Basics of Psoriasis

In order to fully deal with the symptoms of psoriasis requires the need to understand what psoriasis is and how it affects your skin. No one really knows what causes psoriasis, but it is most closely related to a genetic link.

To understand psoriasis it’s important to figure out how normal skin works. During the course of a month, the skin cells go through their lifestyle process. The skin has two layers, the top and bottom layers. The newest layers of the skin form on the bottom layer and slowly make their way to the top. The top layer stays alive for those 28-30 days, before dying and falling away. The process isn’t noticeable at all and we all use thousands of skin cells each day during showers or towel drying afterwards.

When someone suffers with psoriasis, their skin process moves much faster. Often the cycle happens in only 3-4 days. The new cells develop much more quickly and force themselves through the top layer of skin. These new cells cause a bit of a buildup of dead skin on the surface. The good news is that the skins cells seem to affect only a small patch of skin at a time. The most common areas this happens in are the scalp, elbows, knees, or knuckles, but it can show up anywhere really. These areas of patchy, scaly, red skin are more commonly known as plaques.
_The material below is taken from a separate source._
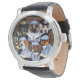 Uhr, Vintage Männeruhr mit schwarzem Lederarmband

Psoriasis remains a mystery as far as the main causes are concerned. Research has shown about 30% of all causes is based on family history. However, there are a few lifestyle choices that may be a factor as well. Excessive drinking, being overweight, too much stress, anxiety, sunburn, and even some medications can bring about psoriasis or make the symptoms a bit late.

Psoriasis may look a bit disconcerting, but it is not contagious and if you don’t have it you won’t get it. The symptoms affect each person differently; while one person may have small areas of patchy skin, others will have patches all over the body. In any case, psoriasis has no cure but learning to know if you have it or not is the first step in finding ways to prevent breakouts.

Types of Psoriasis

If you have ever dealt with psoriasis you know the feeling of struggling with red, itchy, scaly skin. Do you know what type of psoriasis you have? Were you even aware there were more than just one type? There are, in fact, three main types of psoriasis and although the basic symptoms are the same, they are all a little bit different.

All forms of psoriasis affect the skin. They can cause a few different problems and if you are lucky they will only cause one problem at a time. Psoriasis is famous for the redness of skin and the shedding. There are two layers of skin, the top and bottom. The top layer is the old skin, it lasts for a few weeks and then begins to shed off on its own. The bottom layer is the new skin growth that takes over for the shedding skin. Shedding skin is a normal procedure, but it happens over time so that we don’t notice. In psoriasis, we notice because the bottom lay tries to move up to the top before the top is ready to shed. This leaves cracks in the skin and gives it that red look. On top of that, the skin may start to become inflamed. If you scratch at the skin while it is flaky, red, and peeling, you could get weeping lesions and scaling on the affected area.

Those are the main symptoms for the basic three types of psoriasis: Guttate, Plaque, and Seborrheic. Plaque Psoriasis is the most common type of the disease. Each person is different, but for the most part it appears as patchy, thick flaky skin that causes itching and inflammation. If the skin is damaged skin gets injured in some other way, it is easily infected.

Guttate Psoriasis mainly affects children and young adults. It often follows after a bout of strep throat or other infections and causes red bumps on the skin. This form is often misdiagnosed as an allergic reaction rash or a fever rash. The good news is that it clears up with antibiotics, the kind taken for the strep, and it almost never comes back again.

Seborrheic Psoriasis is often mistaken for a serious cause of dandruff because it affects the scalp, ears, hairline, and forehead. Some medicated shampoos work to eliminate the flaking, but it can still be problematic.